Fig. 4 Gene Ontology (GO) terms of the uniESTs for cellular component, molecular function, and biological process. The levels were arbitrarily chosen for the best visual presentations. For the same reason, the GO terms containing less than 50 uniESTs (in cellular (more ...)
The genome assembly has been integrated with the linkage maps, resulting in 10 linkage group sequences representing the X chromosome and 9 autosomes, and an 11th
artificial “unknown” linkage group (Tribolium genome consortium, 2007
). The latter was created by connecting all unmapped sequence scaffolds in arbitrary linear order, and does not represent a real chromosome. Mapping the uniESTs onto these 11 linkage groups indicates that, with one exception, () the number of uniESTs on each linkage group was roughly proportional to chromosome sequence length. The one notable exception was linkage group 3, the longest linkage group, which was relatively sparsely endowed with uniESTs. Linkage groups 4, 5, 7 and 8 were slightly overrepresented by uniESTs.

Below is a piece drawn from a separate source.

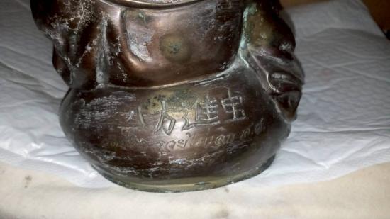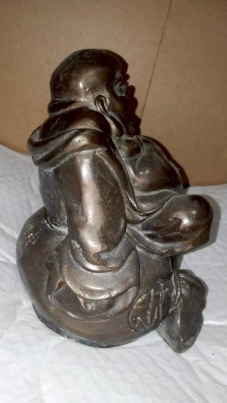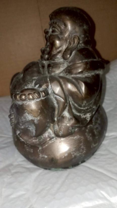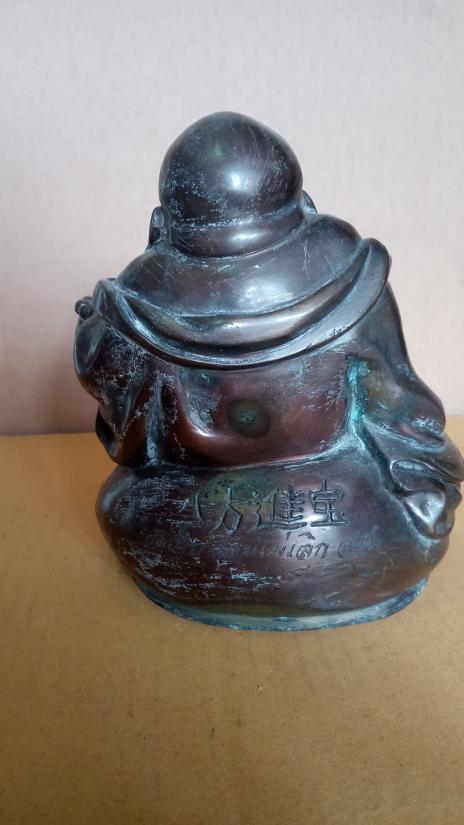 พระบูชาจีน พิมพ์พระสังกัจจายน์ หน้าตัก 5.5 นิ้ว ความสูงรวมฐาน 6.5 นิ้ว เนื้อทองเหลืองโลหะผสม ก้นอุดผงผสมเงินแบงค์ไทย ปิดแผ่นยันต์ดวง รุ่นรวยไม่เลิก ผีอักขระภาษาจีน สภาพผิวหิ้ง |

Fig. 5 UniESTs mapped onto linkage groups. The unmapped sequence scaffolds are arbitrarily joined and named as chrUn (linkage group unknown). “Rep.” signifies reptigs, i.e. contigs that are highly repetitive and not included in the chromosomal (more ...)
These EST data provide useful information for studies in Tribolium. Almost 90% of uniESTs map onto predicted genes, attesting to the overall accuracy and usefulness of the GLEAN gene set. Current EST data will be further expanded and utilized to determine intron/exon structure with even greater accuracy, and to identify splicing variants as well as 5’- and 3’-untranslated sequences, all of which are difficult to predict from automated annotations of genome sequence. Furthermore, a large portion (~1,600) of uniESTs lacks corresponding GLEAN models, indicating a continued need for additional EST projects. Additional survey of the Tribolium genome by EST analyses will further improve the automated annotation. Further sequencing of these libraries is being conducted and will be reported in a future publication.